For quantification of SA-b-gal activity by flow cytometry, the CellEvent^™ Senescence Green Flow Cytometry Assay Kit (ThermoScientific) was used. Cells were treated with either DMSO or dTAG (500 nM) for 7 days without splitting. Next, cells were harvested by trypsinization, washed once with PBS0 and then fixed with 4% paraformaldehyde for 10min at RT. Subsequently, samples were washed with PBS0 and incubated for 2hr in 1:750 CellEventTM Senescence Green Probe diluted in CellEventTM Senescence Buffer at 37°C shaking (1000 rpm). Lastly, cells were washed with PBS0 and analyzed using BD LSR Fortessa X20 (BD Biosciences).

Cell growth competition assay

RPE-1 mNeonGreen-tagged β-tubulin cells were seeded at a 1:5 ratio with either degron-CHAF1A cells or p53KO degron-CHAF1A cells. Cells were treated with dTAG (500 nM) or DMSO over a period of 7 days and split at day 0, 2 and 4 according to their confluency.
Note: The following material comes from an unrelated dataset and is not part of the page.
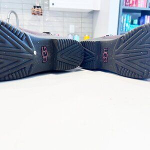 Part leather. dark red, barely worn with some light scuffing on the toe which can be buffed out with leather cleaner. Faux sheep wool inside, ideal for fall and winter.

The remaining cells of every timepoint were collected for flow cytometry analysis, washed 1x in FACS buffer and the percentage of degron-CHAF1A cells was assessed as mNeon negative population using BD LSR Fortessa X20 (BD Biosciences).

Highlights.

1. The histone chaperone CAF-1 sustains DNA replication speed in single cells.

2. CAF-1 loss alters histone repertoire and delays chromatin maturation.
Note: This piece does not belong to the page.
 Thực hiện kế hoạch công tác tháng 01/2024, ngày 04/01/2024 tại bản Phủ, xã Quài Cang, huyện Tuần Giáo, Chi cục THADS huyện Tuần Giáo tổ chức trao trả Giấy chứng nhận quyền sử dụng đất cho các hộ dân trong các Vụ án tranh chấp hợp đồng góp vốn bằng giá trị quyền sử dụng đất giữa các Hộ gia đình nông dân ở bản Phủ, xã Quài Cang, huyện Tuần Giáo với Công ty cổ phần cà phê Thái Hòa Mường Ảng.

3. H3K9me3 and H3K27me3 regions respond differently to acute CAF-1 depletion.

4. Impaired S-phase chromatin assembly triggers an immediate response and a G0 arrest.

Statements (conflict of interest, diversity/inclusivity)

A.G. is co-founder and chief scientific officer (CSO) of Ankrin Therapeutics. A.G. is a member of the scientific advisory board of Molecular Cell. C.B., S.d.S. and M.A.V. are employees of MOLEQLAR Analytics GmbH.

We support inclusive, diverse, and equitable conduct of research.

Data and code availability

The proteomics data has been deposited in the PRIDE database with accession code PXD050618. The repli-ATAC-seq, scVASA-seq and scEdU-seq data are available at GEO: GSE262518.